Your menu should be your most effective marketing tool. It should suggestively sell your products, describe your offering in a mouth-watering way, entice an upsell, but most importantly, be a visual representation of your brand. Your menu is your product catalogue.
When you start with wholesome and tasty ingredients the end result is always better. We can source all your ingredients – even those hard to find ones. We look at the product and consider functionality, seasonality and demand forecasts. We also go to great lengths to understand our client’s specific needs. Together these considerations determine where the product is sourced and how to best manage the supply chain.
Taking inventory is an unpopular task at most restaurants, but it is critical to controlling food costs and improving profitability. Yet, when we speak with restaurant owners, many admit that they either do a poor job of it or do it too infrequently. In most cases the underlying issue is a lack of structure around the inventory-taking process.
Conduct a comprehensive on-premise Food Safety review covering key health and safety points. We can help you with your day-to-day quality and food safety needs, long-term objectives and we can work to develop your future strategic direction to continuously improve your quality and food-safety position.

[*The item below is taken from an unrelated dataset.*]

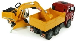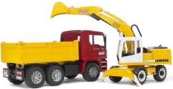 Dette fantastiske byggesæt fra Bruder omfatter en MAN TGA-lastbil med bløde dæk og en praktisk tipkasse. Derudover medfølger en funktionel Liebherr-gravemaskine, der har stabiliserende støtteben, profilerede dæk og et graveaggregat med en 360° drejelig kabine. Produktet er solidt udført i Tyskland af holdbare materialer.
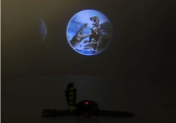 - Laika attēlojums, gaismas projektors ar dinozaura motīvu

Discussing and negotiating the right deal with your suppliers doesn’t necessarily mean getting what you want at the cheapest possible price. You may want to negotiate other aspects such as delivery times, payment terms or the quality of the goods. Let our skilled staff negotiate a deal, including setting your objectives, understanding your supplier’s position and using the right tactics to achieve the best outcome for you.
Our Mystery Shoppers provide objective, measurable and qualitative feedback about their customer experience and conditions. This feedback can help business owners find out if their menu, dining experience, pricing and placement are appealing to customers.
Measure the training and performance of your employees. Learn whether competitors do a better job at sales, service, marketing, and operations. Identify whether employees are following company procedures or compliance practices.
Each year we complete Restaurant Reviews for businesses of all sizes. In doing so, we always find something brand new to improve that is very specific to that particular client. But we also always find a number of common restaurant mistakes.
A Restaurant Performance Review is a consulting service where we analyse checkpoints covering all the major aspect of a restaurant such as operations, staffing, design, menus, facilities, profitability, sales performance – nothing is left to assumption. The “review” then spells out where the restaurant is performing compared to industry standards.
Knowing what equipment you need for your kitchen and your menu can be a strenuous, time-consuming and expensive exercise. Let us review your concept plan and menu and then assist you in choosing the right equipment for your concept. Together we create a list of the equipment you need, based on kitchen size, menu, affordability, fit for purpose, etc. including the quantities of each item, and whether it should be new or used. Then we negotiate with suppliers to receive the best deal on your behalf.
Creating an effective roster can be a head-ache in the making. Trying to fill every role across every shift, ensuring the right coverage of skills, acknowledging Workplace Health and Safety (WHS) requirements regarding shifts and fatigue, and then remembering who’s available or who’s on leave is far from easy. We offer efficient, reasonable and flexible rosters to attract and maintain good staff.
Are you currently recruiting for a new staff member or in the early planning stages for a new position and wondering where to begin? Let us assist you in writing an effective job description. The job description is the most important place to start when recruiting for your next employee and, if it’s well written, can mean the difference between attracting your next star employee or a just so-so candidates.